Caramagna Piemonte is a comune (municipality) in the Province of Cuneo in the Italian region Piedmont, located about  south of Turin and about  northeast of Cuneo.

Caramagna Piemonte borders the following municipal lands: Carmagnola, Racconigi, and Sommariva del Bosco.

History
The name of Caramagna appears for the first time in 1026. The foundation of the Monastery of Santa Maria by the marquis of Turin Olderico greatly increased the power of the country, which extended its interests around the southern Piedmont and Liguria.

The monastery was entrusted to the care of the nuns of the Order of St. Benedict; the same order was later replaced by the equivalent male order and later by the  Girolamiti.

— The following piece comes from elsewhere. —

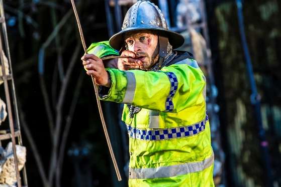 The costumes are apocalyptic, with the Sheriff's men and women in dirty high-viz jackets.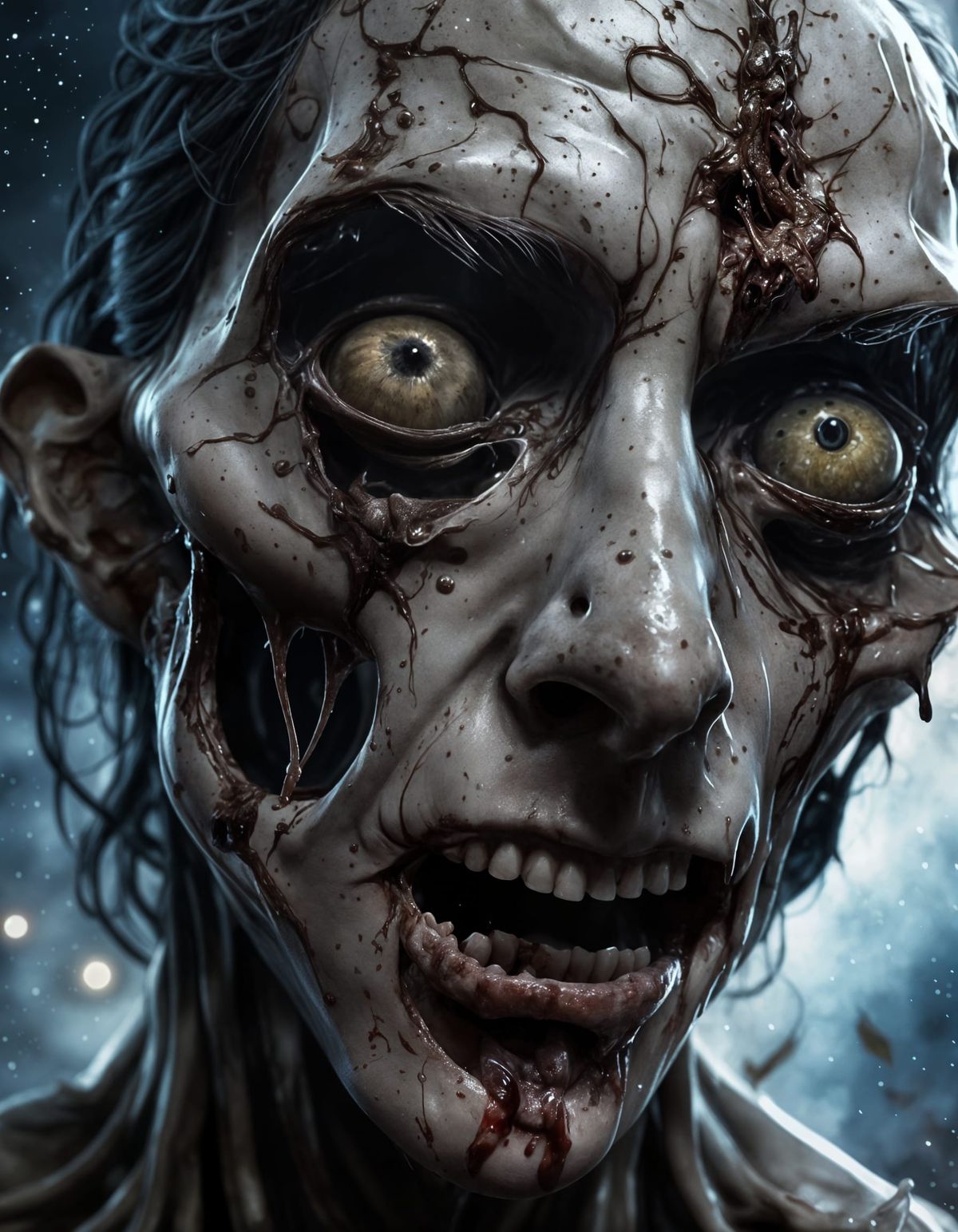This image shows fifteen deformed faces suspended beneath a starry night sky, exhibiting expressions of horror. The artwork features ghostly handprints, maggots and skeletal shadows in a disturbing, photorealistic and cinematic style.

In 1250 Caramagna moved towards an organization of municipal type. In 1544 Caramagna was burned by the Spanish army. In 1690 an army of 15,000 French destroyed the town.

Main sights
 City Hall, the seat of the Municipality of Caramagna Piemonte
 Tower of the Old Council, used for exhibitions and events
 Church of "Assunzione di Maria Vergine" and the nearby Abbey 
 Church "Arciconfraternita di Santa Croce"
 The House of the "Beata Caterina"

Economy
The 18% of the population are farmers, cultivating fodder coming from meadows, fields produce mainly corn. These products provide a good meat production and a lot of milk; the factory "Fattorie Osella" works more than 100,000 kg daily producing cheeses.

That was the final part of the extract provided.